Setelah itu, Phinya meraih pergelangan tangan Bua saat dia mendorong wajahnya mendekat. “Jaga mulutmu, Bai Bua[*]!”
**(ใบบัว) Kata ‘Bua’ dalam bahasa Thailand berarti ‘bunga teratai’, tetapi Bussaya secara jenaka dan sarkastis menggunakan ‘Bunga teratai’ sebagai salah satu nama panggilan Bua.
“Jika kamu tidak punya hal lain yang lebih baik untuk dilakukan selain hanya berdiri di sana dan membuatku kesal, maka bantulah aku bekerja. Kita bisa bertengkar nanti.” Kata Bua, sambil melepaskan pergelangan tangannya agar bebas. Kemudian dia meletakkan tengkorak itu dan mencari sarung tangan dari kotak peralatan untuk diserahkan. “Letakkan tumpukan itu di meja terpisah.”
Karena itu, Phinya mengangkat bahu dan mengambil sarung tangan itu tanpa berkata apa-apa. Dia teringat bagaimana keadaan mereka saat berada di kelas. Setiap hari, mereka bertengkar hebat, Profesor Nissara harus menghentikan pertengkaran mereka. Bua memilih untuk melakukan penelitian saat Phinya tidak ada. Lucu bagaimana mereka kembali bersama lagi dalam kejadian yang tak terduga ini.
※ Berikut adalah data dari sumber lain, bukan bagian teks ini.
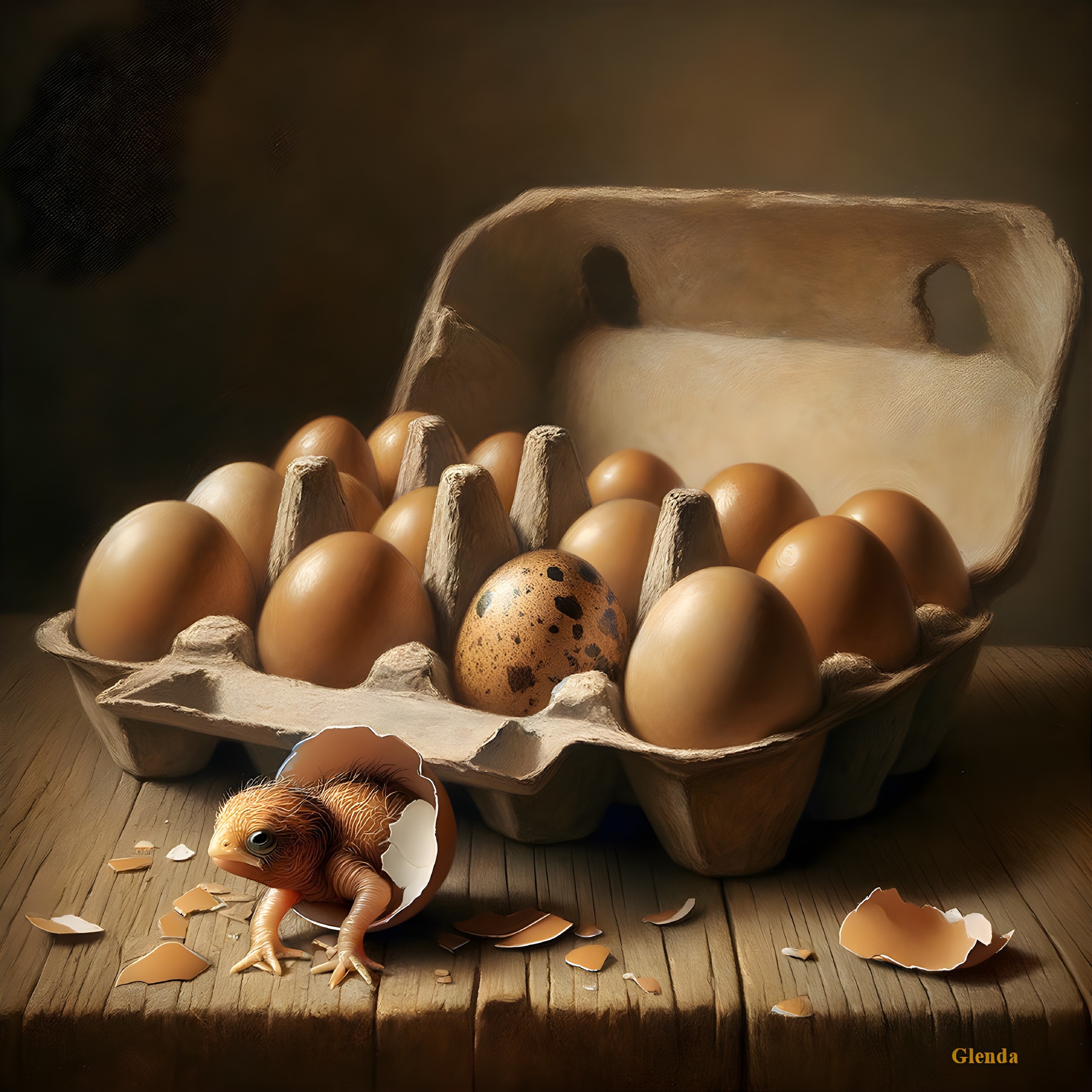 A newborn critter emerges from an eggshell near a carton of eggs, blending fantasy with reality in a whimsical scene.
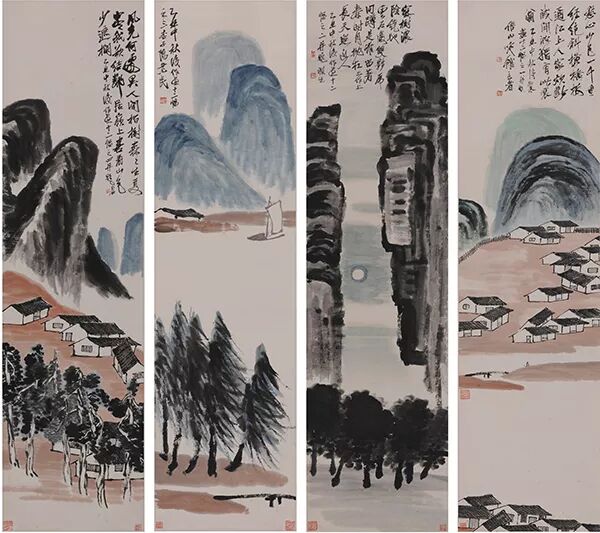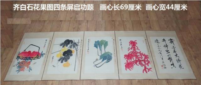 白石老人平生写画无数,却鲜作四屏。欲得四屏者,必须搜集题材、尺幅、年份及水准相若者方可成套。
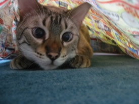 頭だけ隠れてみたり…。
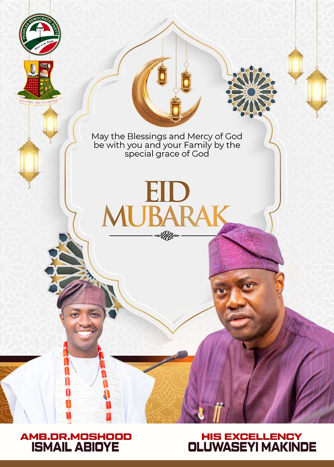 Ambassador Dr. Moshood Ismail Abioye has congratulated the Executive Governor of Oyo State, Seyi Makinde, and the entire Muslim Ummah on the celebration of this year’s Eid.
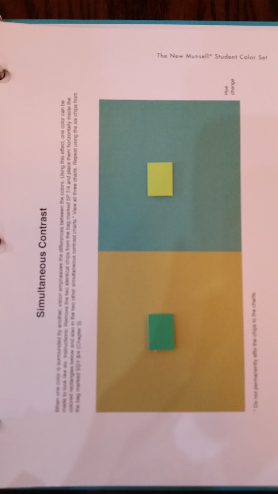 I chose a dull yellow green and a dull yellow orange. For the yellow green I surrounded it by a green of lower chroma to pull some of the green out of the yellow green and make it look more yellow and make it look more vibrant. I surrounded the yellow orange with a vibrant orange of high chroma to dull the yellow and remove some of the orange tint out of the yellow orange.

Sebuah kejadian tragis yang tidak diinginkan oleh siapa pun.
Pekerjaan mereka baru saja dimulai. Sebagian petugas tersebar di seluruh wilayah dengan luas sekitar tiga Rai[*] perbatasan sawah. Departemen Penerbangan belum dapat menyimpulkan penyebab kecelakaan dan terus mencari jawaban bersama dengan pejabat dari berbagai departemen lainnya.
**“Rai” adalah satuan ukuran luas di Thailand. Satu Rai sama dengan 1.600 meter persegi.
“Apakah kamu punya kaca pembesar?” tanya Phinya dari sampingnya.
“Kenapa kamu datang bekerja dengan tangan kosong?” Meski begitu, Bua mengambil satu dari kotak peralatannya dan memberikannya padanya.
“Aku langsung menuju ke sini dari bandara. Pesawat mendarat tiga jam lalu dan aku langsung datang ke sini. Mereka sedang mencarikan peralatan untukku.”
“Mereka pasti benar-benar kekurangan orang untuk memanggilmu.” Bua tidak dapat menahan sarkasmenya.
“Masih saja sok jagoan seperti biasanya. Sebaiknya kamu berhati-hati.”
Bua mendengar helaan napas dan kembali fokus pada tugas penting yang ada di tangannya.